Same technique, different passports. All three are flattened breast, coated in breadcrumbs and pan-fried. Schnitzel is Austrian and German, milanese is Italian, escalope is French. Ramsay’s version uses panko and soy sauce in the egg, which isn’t traditional anywhere but tastes better than all of them.
The only real difference is what goes alongside. Schnitzel gets lemon and potato salad, milanese gets rocket and Parmesan, escalope traditionally comes with a béarnaise sauce which is richer than the gherkin crème fraîche but works just as well with the crispy coating.
Why does Ramsay put soy sauce in the egg wash?
It does three things. Seasons the chicken from inside the coating so every bite has depth, adds umami that plain egg doesn’t have, and the natural sugars in the soy help the panko brown faster in the pan.
Two tablespoons is enough. Any more and the egg wash turns salty. This trick comes from this schnitzel recipe in Ramsay in 10 and works on anything you’re breadcrumbing.
How do you stop the coating falling off?
Ramsay’s chef tip: after coating, roll the schnitzel between two sheets of parchment paper with a rolling pin. That presses the panko into the surface of the chicken so it bonds properly before hitting the oil.
The other half is patience. Don’t move the schnitzel for the first 90 seconds in the pan. Let the crust set against the heat before you flip.

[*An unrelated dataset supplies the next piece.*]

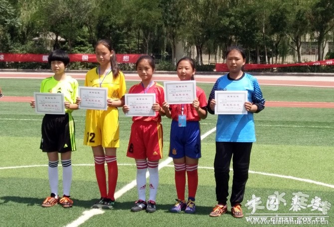 近日,天水市2015-2016年度“市長杯”青少年校園足球冠軍杯賽在天水師院落下帷幕。秦安縣五中足球隊(duì)獲高中組男子二等獲,縣興國二小女子足球隊(duì)獲小學(xué)組二等獎,興國二小男子足球隊(duì)獲小學(xué)組第五名,縣教體局獲優(yōu)秀組織獲,王多強(qiáng)、楊君平獲優(yōu)秀領(lǐng)隊(duì)獲,董暉、沈煒獲優(yōu)秀教練員獲,李云霞獲優(yōu)秀校長獎。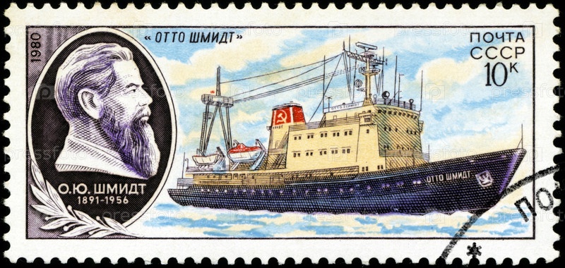 Почтовая марка СССР 1980 года, портрет ученого и корабль с надписью «Отто Шмидт», из серии «Советских научных исследований кораблей"

Can you make this ahead or freeze it?
You can coat the schnitzels and freeze them uncooked on a tray lined with parchment. Once frozen solid, stack them with parchment between each one and bag them. Fry straight from frozen, adding an extra minute per side.
Cooked schnitzels don’t freeze well because the crust goes soggy. If you have leftovers, reheat on a wire rack in a 200°C (400°F) oven for 8 minutes.
What about the fried egg on top?
Ramsay mentions this as his “if you have more time” option. Fry an egg in a spoonful of the hot oil from the schnitzel pan and lay it on top. That turns it into a Holstein schnitzel, which is the classic German way of serving it.
The runny yolk mixes with the gherkin crème fraîche and creates its own sauce. It’s five extra minutes and genuinely worth it.
What salad goes best with schnitzel?
The recipe says green salad, which is the right call because it keeps the plate light against the fried coating. A beetroot salad leans into the Central European tradition. A chopped salad with cucumber and red onion gives you that fresh crunch against the crispy chicken.
Lemon wedges on the side are non-negotiable. The acid cuts through the oil and wakes up the whole plate.